> [EXERCISE DIRECTIONS]: From the line containing "while this doesnât" to the final line of the entries, copy each line exactly. Pictures stay out.

(Data items)
━━━━━━━━━━━━━━━━━━━━

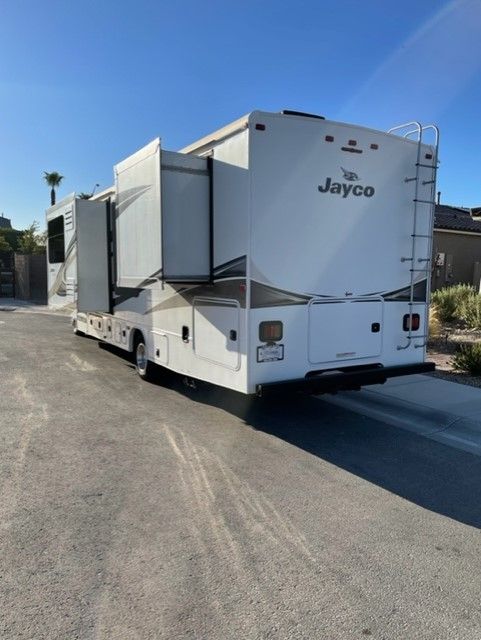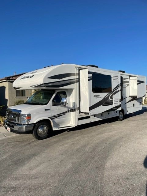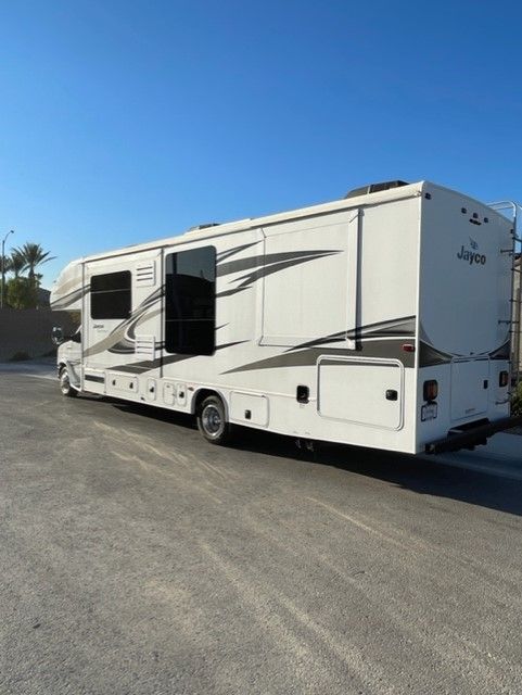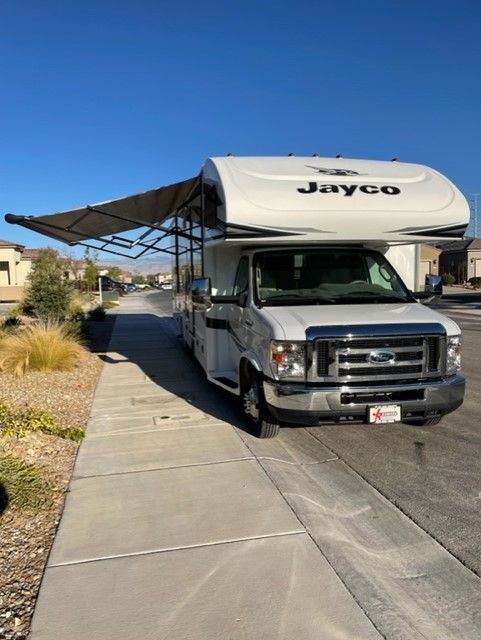 JUST REDUCED, Clean unit inside and out, approx. 43,500 miles, Ford 350 V10, (2) slide-outs, new power awning, new two seat power recliner, auto leveling jacks, refrigerator, microwave, oven, 2 A/C units, 4k generator, TV-DVD entertainment center, solar ready, full RV unit cover w/tire covers, will include tank clean out equipment and several electrical attachments. Make an offer. Serious inquiries only.
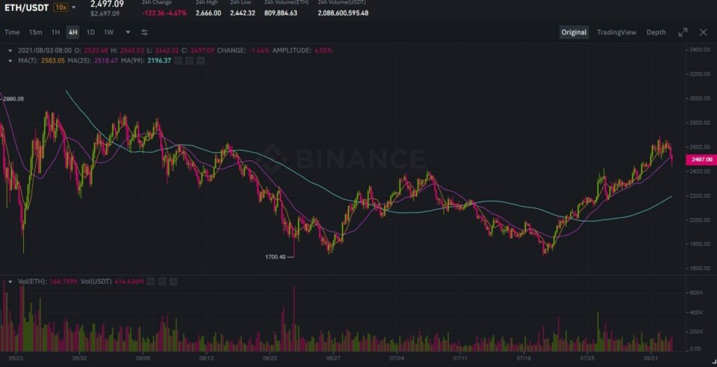 قیمت اتریوم پس از شکستن میانگین متحرک ۱۰۰ روزه به نزدیکی ۲۷۰۰ دلار رسید. در زمان نگارش این خبر اتریوم با ۶٪ کاهش نسبت به ۲۴ ساعت گذشته به قیمت ۲۴۷۰ دلار خرید و فروش میشود.
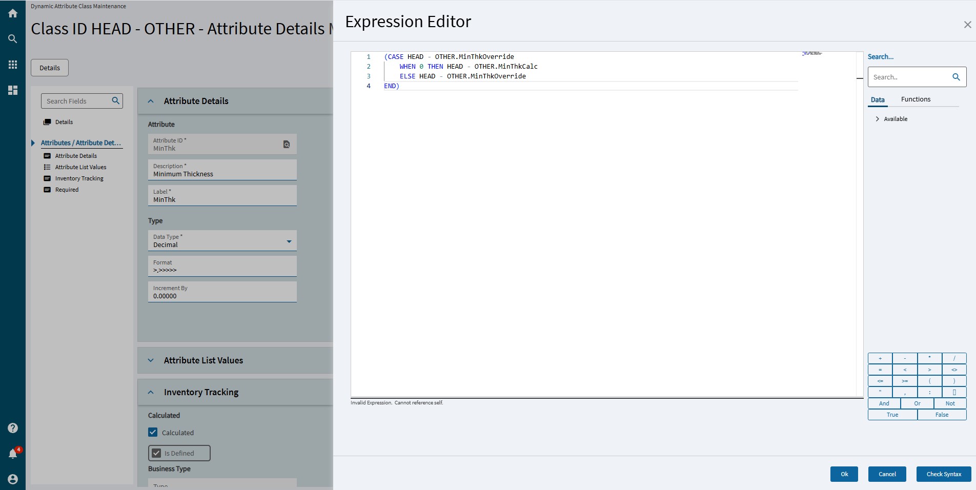 while this doesnât (notice HEAD - OTHER.MinThk exists in HEAD - OTHER.MinThkCalc)
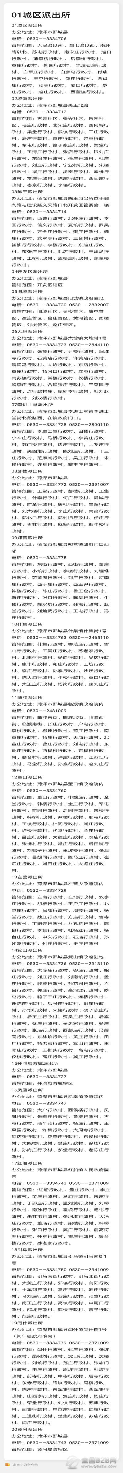 鄄城县各派出所地址、电话及业务管辖范围汇总大全表:看这里,看这里,菏泽市鄄城县各派出所地址、电话及业务范围汇总大全。 办事必备!请收藏,以备不时之需哟......有困难,找派出所。可你知道身边最近的派出所在哪儿吗?一旦发生事情,咋求助,咋联系?
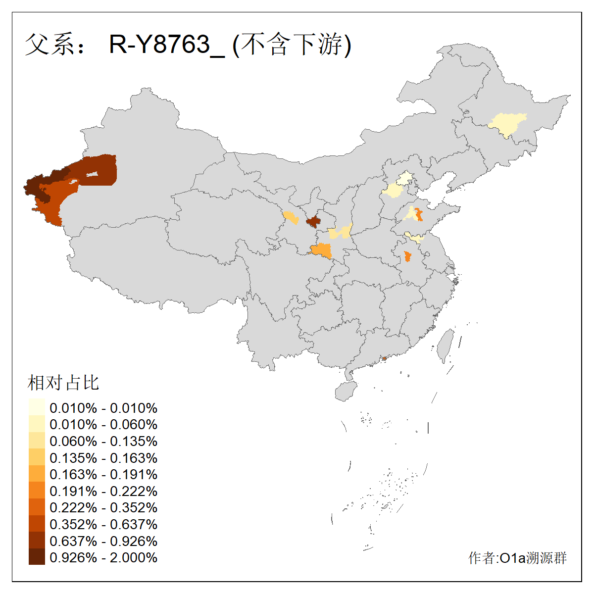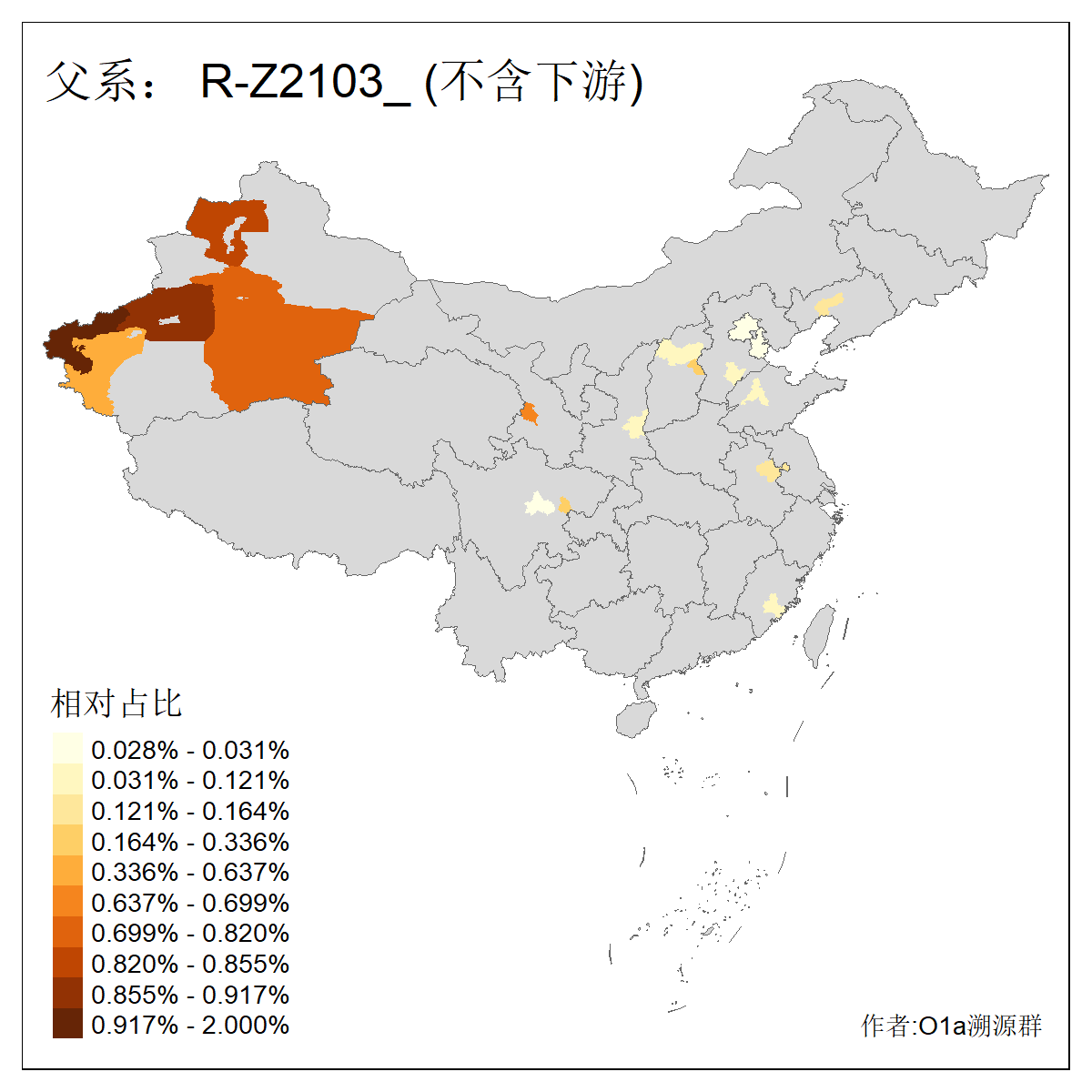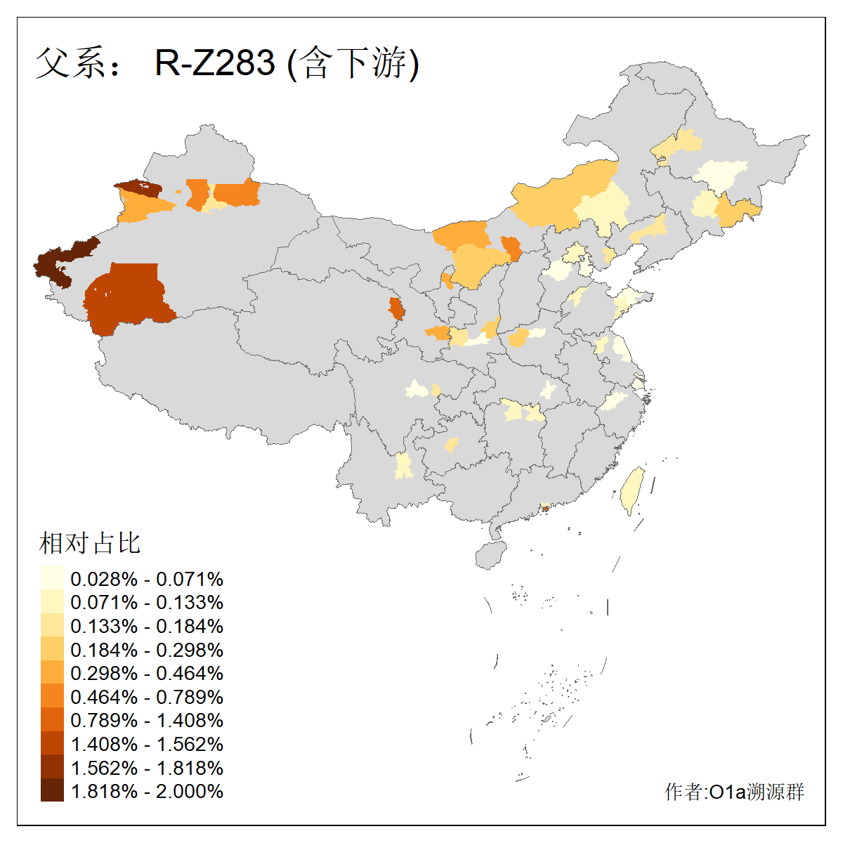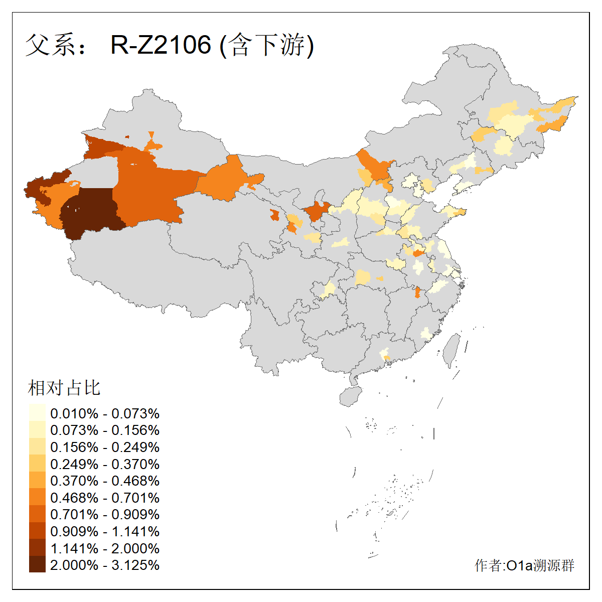 | R_R-Y482_R1_R1a_R-M459_R-M198_R-M417_R-PF6162_R-F992_R-F3105_R-Z2124_R-S4576 | 4160 | 0.100% | 212人(含下游) 王:18 张:17 李:12 卓:10 马:10 刘:9 白:9 陈:9 徐:6 胡:6 高:6 杨:5 赵:5 郑:4 ![]() | 36人(不含下游) 王:4 张:3 白:3 雷:3 马:2 克:1 吴:1 察:1 屈:1 康:1 徐:1 施:1 曹:1 李:1 ![]() |

━━━━━━━━━━━━━━━━━━━━

> [ANSWER]:
 while this doesnât (notice HEAD - OTHER.MinThk exists in HEAD - OTHER.MinThkCalc)
 鄄城县各派出所地址、电话及业务管辖范围汇总大全表:看这里,看这里,菏泽市鄄城县各派出所地址、电话及业务范围汇总大全。 办事必备!请收藏,以备不时之需哟......有困难,找派出所。可你知道身边最近的派出所在哪儿吗?一旦发生事情,咋求助,咋联系?
 | R_R-Y482_R1_R1a_R-M459_R-M198_R-M417_R-PF6162_R-F992_R-F3105_R-Z2124_R-S4576 | 4160 | 0.100% | 212人(含下游) 王:18 张:17 李:12 卓:10 马:10 刘:9 白:9 陈:9 徐:6 胡:6 高:6 杨:5 赵:5 郑:4 ![]() | 36人(不含下游) 王:4 张:3 白:3 雷:3 马:2 克:1 吴:1 察:1 屈:1 康:1 徐:1 施:1 曹:1 李:1 ![]() |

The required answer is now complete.